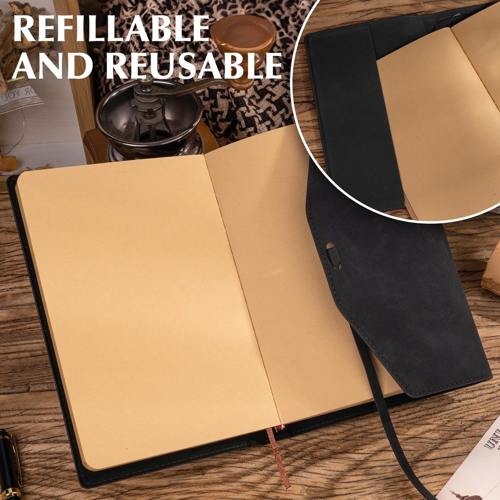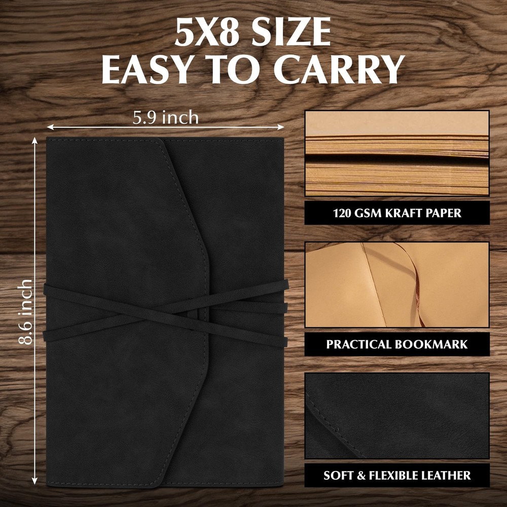 Vintage Journal for Women Men Leather Bound Junk Journal Notebook 160 Pages Book of Shadows Journals for Writing Diary Travel Journaling Sketching Scrapbooking, 5.9x 8.6 in, Soft Cover, Black Description Features: VINTAGE JOURNAL: The journal cover is made of high quality vegan-friendly leather, which has a soft, suede-like feel, vintage and charming. And its leather strap can keep leather journal closed, adding great mystery to writing and diary! PREMIUM KRAFT PAPER: The diary journal is made of 120 GSM vintage style unlined kraft paper, which complements the cover. 160 pages of blank paper for a smooth creative experience and not easy to bleed and ghost. REFILLABLE& REUSABLE: Unique fillable design, you can fill it with fresh paper to begin a new adventure! Reusable as a travel journal, artist's sketchbook, food diary, junk journal book, daily planner, vintage journal planner for a wide range of uses. COMPACT & TRAVEL-FRIENDLY: Ideal 5.9 x 8.6 inches size, compact enough to carry around but with plenty of space to write down thoughts or ideas. And leather journal comes with a ribbon bookmark. Whether for daily travel notes, or Book of Shadows, this journal is a perfect mix of style and practicality. PERFECT GIFT FOR MEN/WOMEN: This vintage journal is a sophisticated and timeless gift for a wide variety of recipients. A lovely gift for an anniversary, birthday or graduation gift, or for someone embarking on a new adventure! Product Details: Brand: MINICAGIE Color: Black Cover Material: Faux Leather Style: Journal Notebook Special Feature: Bookmark, Soft Cover, Refillable Specific Uses For Product: Scrapbooking, Journal Writing, Book of Shadows, Travel Diary, Sketching Binding: Unknown Binding Manufacturer: MINICAGIE Manufacturer: MINICAGIE Brand: MINICAGIE Item Weight: 1.01 pounds Package Dimensions: 8.74 x 6.22 x 1.1 inches Item model number: AW14-2T Color: Black Cover Material: Faux Leather Manufacturer Part Number: AW14-2T Date First Available: August 26, 2024 Handling We will ship all orders within 3 business day of payment. Delivery We Do Not Ship Outside of the Continental US. Return Policy All items qualify for returns within 30 days of receipt. Buyer is responsible for return shipping on any item that is not damaged. Feedback We take our reputation seriously, we buy and sell online, so we understand the value of trust. If you are unsatisfied with your order, please contact us and we will work with you to resolve it to your satisfaction.
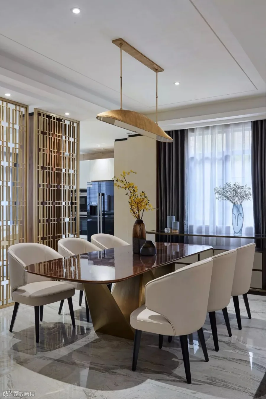 搭配简洁的软饰、精致的吊灯,
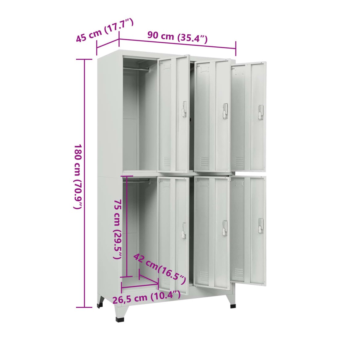 Armoire à casier avec 6 compartiments Acier 90x45x180 cm Gris
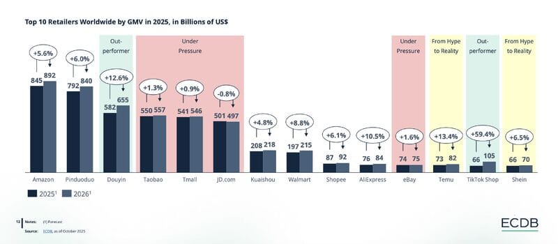 Douyin and TikTok Shop combined are forecast to reach ~$760B GMV next year, growing about 17%, with TikTok Shop alone expanding near 59%.

*WHAT IS BEING ASKED*. Give the listing again word for word, but drop every picture.

*ANSWER FOR THIS EXERCISE*.
 Vintage Journal for Women Men Leather Bound Junk Journal Notebook 160 Pages Book of Shadows Journals for Writing Diary Travel Journaling Sketching Scrapbooking, 5.9x 8.6 in, Soft Cover, Black Description Features: VINTAGE JOURNAL: The journal cover is made of high quality vegan-friendly leather, which has a soft, suede-like feel, vintage and charming. And its leather strap can keep leather journal closed, adding great mystery to writing and diary! PREMIUM KRAFT PAPER: The diary journal is made of 120 GSM vintage style unlined kraft paper, which complements the cover. 160 pages of blank paper for a smooth creative experience and not easy to bleed and ghost. REFILLABLE& REUSABLE: Unique fillable design, you can fill it with fresh paper to begin a new adventure! Reusable as a travel journal, artist's sketchbook, food diary, junk journal book, daily planner, vintage journal planner for a wide range of uses. COMPACT & TRAVEL-FRIENDLY: Ideal 5.9 x 8.6 inches size, compact enough to carry around but with plenty of space to write down thoughts or ideas. And leather journal comes with a ribbon bookmark. Whether for daily travel notes, or Book of Shadows, this journal is a perfect mix of style and practicality. PERFECT GIFT FOR MEN/WOMEN: This vintage journal is a sophisticated and timeless gift for a wide variety of recipients. A lovely gift for an anniversary, birthday or graduation gift, or for someone embarking on a new adventure! Product Details: Brand: MINICAGIE Color: Black Cover Material: Faux Leather Style: Journal Notebook Special Feature: Bookmark, Soft Cover, Refillable Specific Uses For Product: Scrapbooking, Journal Writing, Book of Shadows, Travel Diary, Sketching Binding: Unknown Binding Manufacturer: MINICAGIE Manufacturer: MINICAGIE Brand: MINICAGIE Item Weight: 1.01 pounds Package Dimensions: 8.74 x 6.22 x 1.1 inches Item model number: AW14-2T Color: Black Cover Material: Faux Leather Manufacturer Part Number: AW14-2T Date First Available: August 26, 2024 Handling We will ship all orders within 3 business day of payment. Delivery We Do Not Ship Outside of the Continental US. Return Policy All items qualify for returns within 30 days of receipt. Buyer is responsible for return shipping on any item that is not damaged. Feedback We take our reputation seriously, we buy and sell online, so we understand the value of trust. If you are unsatisfied with your order, please contact us and we will work with you to resolve it to your satisfaction.
 搭配简洁的软饰、精致的吊灯,
 Armoire à casier avec 6 compartiments Acier 90x45x180 cm Gris
 Douyin and TikTok Shop combined are forecast to reach ~$760B GMV next year, growing about 17%, with TikTok Shop alone expanding near 59%.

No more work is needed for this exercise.